:: What you should do ::
Could you reproduce every record below exactly, excluding all pictures?

:: Dataset ::
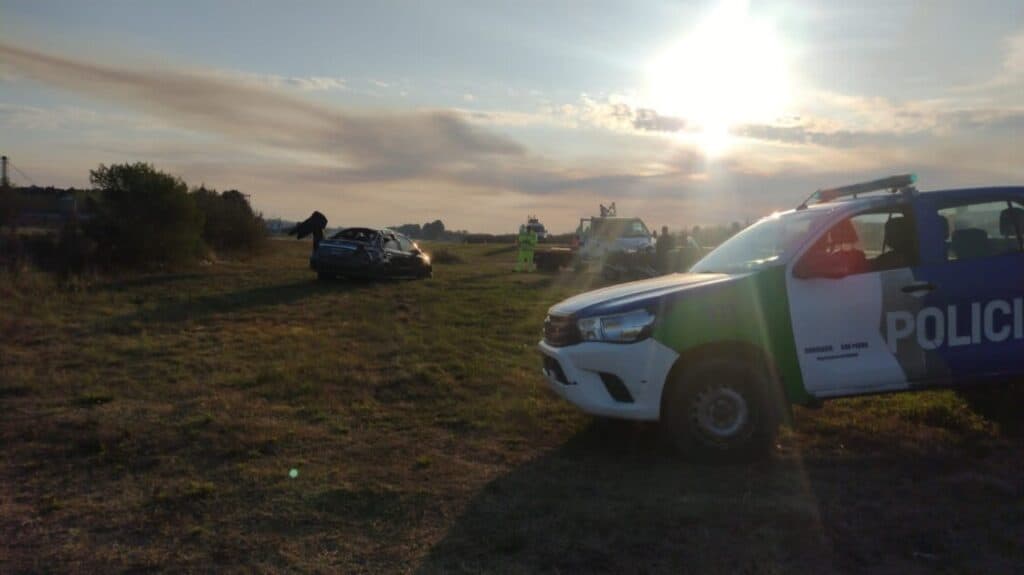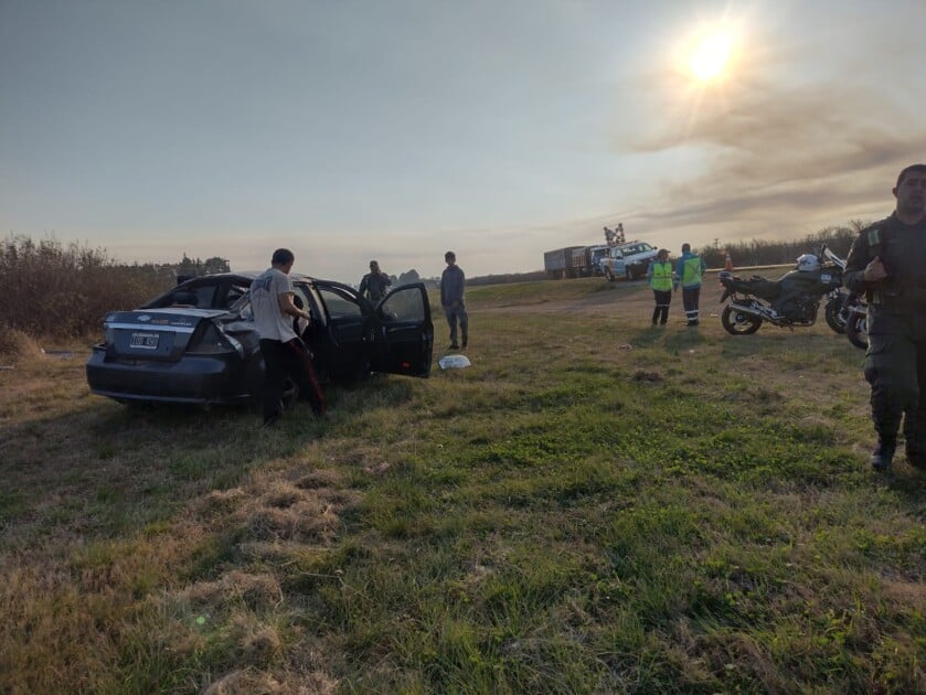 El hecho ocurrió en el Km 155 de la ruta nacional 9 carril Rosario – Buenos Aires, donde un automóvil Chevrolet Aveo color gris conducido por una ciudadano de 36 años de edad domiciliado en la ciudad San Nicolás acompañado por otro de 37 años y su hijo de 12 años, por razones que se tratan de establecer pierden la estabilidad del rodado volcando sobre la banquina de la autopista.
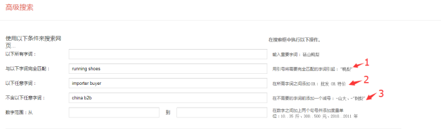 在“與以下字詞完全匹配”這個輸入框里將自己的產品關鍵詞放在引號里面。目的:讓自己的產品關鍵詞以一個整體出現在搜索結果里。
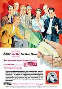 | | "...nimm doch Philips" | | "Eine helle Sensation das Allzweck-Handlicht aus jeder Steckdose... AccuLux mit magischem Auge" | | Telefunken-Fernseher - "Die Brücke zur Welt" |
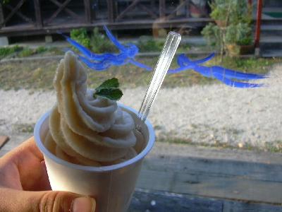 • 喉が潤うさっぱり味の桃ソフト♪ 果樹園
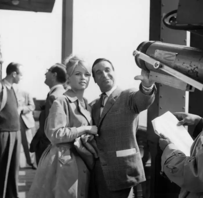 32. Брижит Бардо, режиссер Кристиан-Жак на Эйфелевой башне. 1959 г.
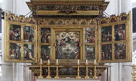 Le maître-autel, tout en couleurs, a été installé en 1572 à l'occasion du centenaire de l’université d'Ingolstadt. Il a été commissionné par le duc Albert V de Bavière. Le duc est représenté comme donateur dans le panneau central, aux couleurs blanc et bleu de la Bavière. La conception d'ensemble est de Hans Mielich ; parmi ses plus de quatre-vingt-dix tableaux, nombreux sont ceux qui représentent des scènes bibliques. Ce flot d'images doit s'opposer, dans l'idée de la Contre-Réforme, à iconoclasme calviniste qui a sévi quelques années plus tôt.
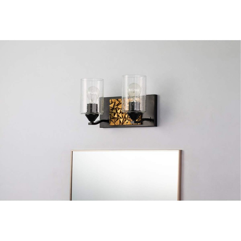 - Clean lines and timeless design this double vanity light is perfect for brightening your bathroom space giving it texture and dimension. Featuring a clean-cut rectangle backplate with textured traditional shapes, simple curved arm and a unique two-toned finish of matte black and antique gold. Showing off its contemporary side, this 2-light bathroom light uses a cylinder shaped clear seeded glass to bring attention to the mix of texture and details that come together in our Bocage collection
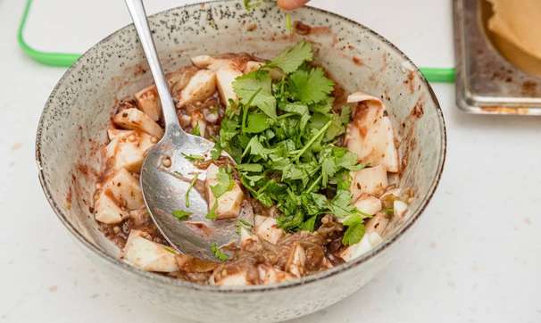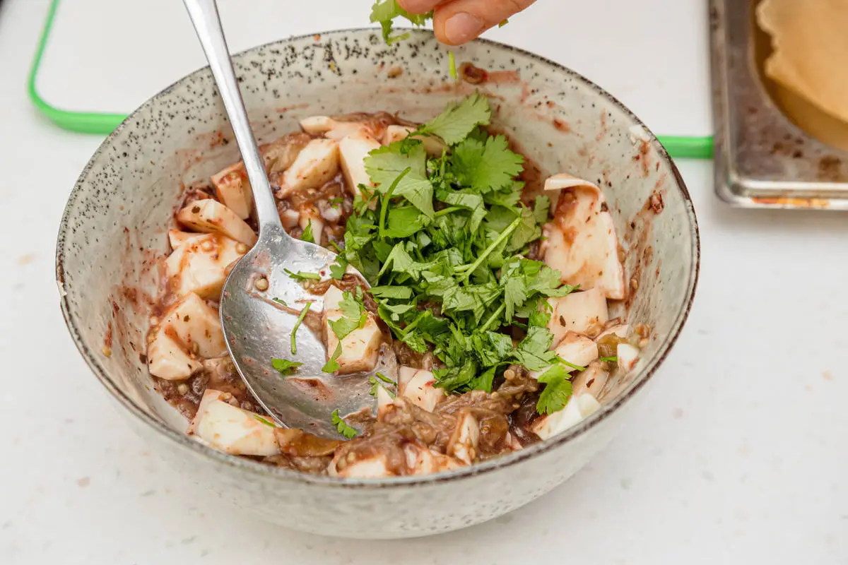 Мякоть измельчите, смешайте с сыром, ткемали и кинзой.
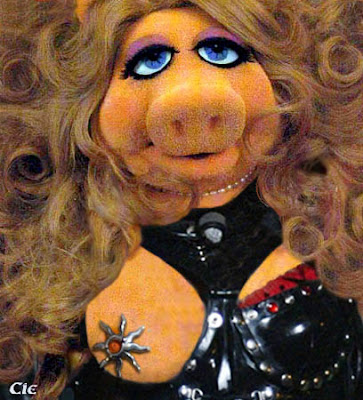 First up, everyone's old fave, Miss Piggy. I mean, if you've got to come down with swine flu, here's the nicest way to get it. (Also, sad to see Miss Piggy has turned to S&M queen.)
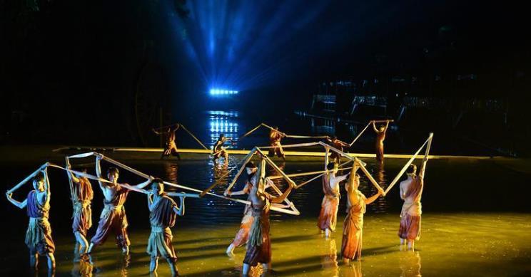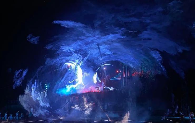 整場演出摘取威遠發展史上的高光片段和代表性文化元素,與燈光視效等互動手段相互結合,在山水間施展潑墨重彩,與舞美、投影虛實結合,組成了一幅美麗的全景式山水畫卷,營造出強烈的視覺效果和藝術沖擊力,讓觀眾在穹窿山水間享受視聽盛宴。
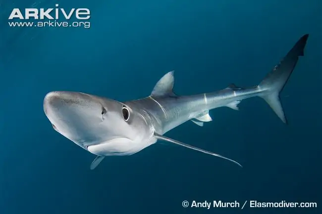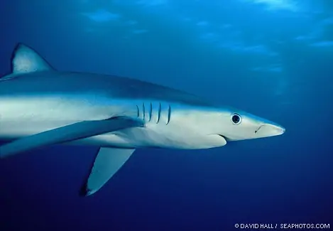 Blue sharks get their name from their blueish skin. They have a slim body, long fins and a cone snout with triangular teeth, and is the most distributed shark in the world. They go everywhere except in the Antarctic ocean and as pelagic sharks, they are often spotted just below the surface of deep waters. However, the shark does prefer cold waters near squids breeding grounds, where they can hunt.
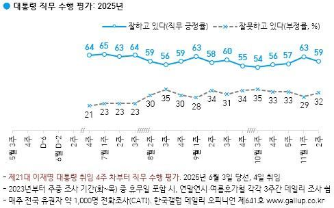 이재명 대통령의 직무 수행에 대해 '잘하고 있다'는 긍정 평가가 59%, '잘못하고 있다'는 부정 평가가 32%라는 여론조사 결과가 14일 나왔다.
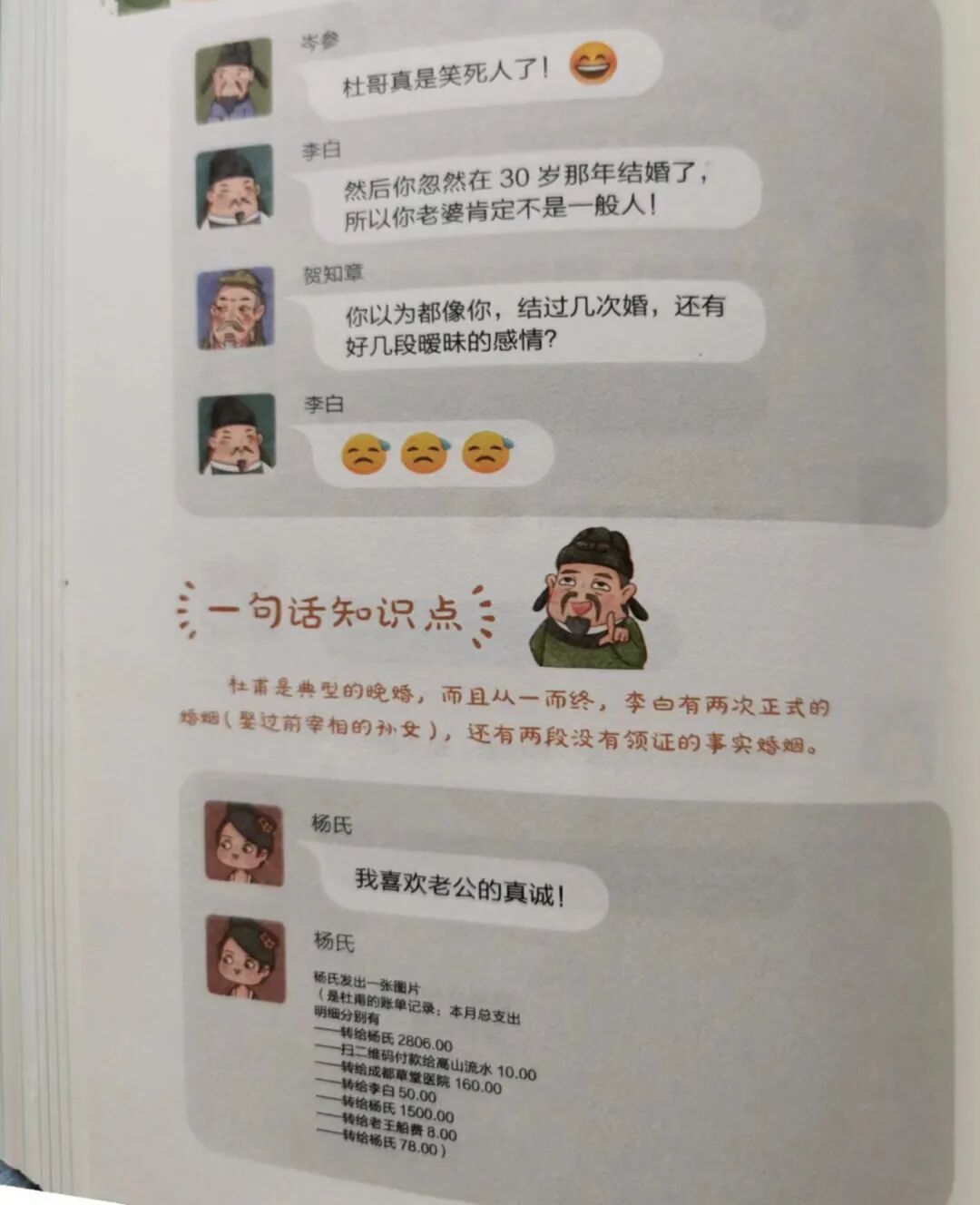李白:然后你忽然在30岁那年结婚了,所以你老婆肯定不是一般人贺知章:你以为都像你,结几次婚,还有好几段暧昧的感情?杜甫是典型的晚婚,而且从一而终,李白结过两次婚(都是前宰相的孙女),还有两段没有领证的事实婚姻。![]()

:: Output of the exercise ::
 El hecho ocurrió en el Km 155 de la ruta nacional 9 carril Rosario – Buenos Aires, donde un automóvil Chevrolet Aveo color gris conducido por una ciudadano de 36 años de edad domiciliado en la ciudad San Nicolás acompañado por otro de 37 años y su hijo de 12 años, por razones que se tratan de establecer pierden la estabilidad del rodado volcando sobre la banquina de la autopista.
 在“與以下字詞完全匹配”這個輸入框里將自己的產品關鍵詞放在引號里面。目的:讓自己的產品關鍵詞以一個整體出現在搜索結果里。
 | | "...nimm doch Philips" | | "Eine helle Sensation das Allzweck-Handlicht aus jeder Steckdose... AccuLux mit magischem Auge" | | Telefunken-Fernseher - "Die Brücke zur Welt" |
 • 喉が潤うさっぱり味の桃ソフト♪ 果樹園
 32. Брижит Бардо, режиссер Кристиан-Жак на Эйфелевой башне. 1959 г.
 Le maître-autel, tout en couleurs, a été installé en 1572 à l'occasion du centenaire de l’université d'Ingolstadt. Il a été commissionné par le duc Albert V de Bavière. Le duc est représenté comme donateur dans le panneau central, aux couleurs blanc et bleu de la Bavière. La conception d'ensemble est de Hans Mielich ; parmi ses plus de quatre-vingt-dix tableaux, nombreux sont ceux qui représentent des scènes bibliques. Ce flot d'images doit s'opposer, dans l'idée de la Contre-Réforme, à iconoclasme calviniste qui a sévi quelques années plus tôt.
 - Clean lines and timeless design this double vanity light is perfect for brightening your bathroom space giving it texture and dimension. Featuring a clean-cut rectangle backplate with textured traditional shapes, simple curved arm and a unique two-toned finish of matte black and antique gold. Showing off its contemporary side, this 2-light bathroom light uses a cylinder shaped clear seeded glass to bring attention to the mix of texture and details that come together in our Bocage collection
 Мякоть измельчите, смешайте с сыром, ткемали и кинзой.
 First up, everyone's old fave, Miss Piggy. I mean, if you've got to come down with swine flu, here's the nicest way to get it. (Also, sad to see Miss Piggy has turned to S&M queen.)
 整場演出摘取威遠發展史上的高光片段和代表性文化元素,與燈光視效等互動手段相互結合,在山水間施展潑墨重彩,與舞美、投影虛實結合,組成了一幅美麗的全景式山水畫卷,營造出強烈的視覺效果和藝術沖擊力,讓觀眾在穹窿山水間享受視聽盛宴。
 Blue sharks get their name from their blueish skin. They have a slim body, long fins and a cone snout with triangular teeth, and is the most distributed shark in the world. They go everywhere except in the Antarctic ocean and as pelagic sharks, they are often spotted just below the surface of deep waters. However, the shark does prefer cold waters near squids breeding grounds, where they can hunt.
 이재명 대통령의 직무 수행에 대해 '잘하고 있다'는 긍정 평가가 59%, '잘못하고 있다'는 부정 평가가 32%라는 여론조사 결과가 14일 나왔다.
李白:然后你忽然在30岁那年结婚了,所以你老婆肯定不是一般人贺知章:你以为都像你,结几次婚,还有好几段暧昧的感情?杜甫是典型的晚婚,而且从一而终,李白结过两次婚(都是前宰相的孙女),还有两段没有领证的事实婚姻。![]()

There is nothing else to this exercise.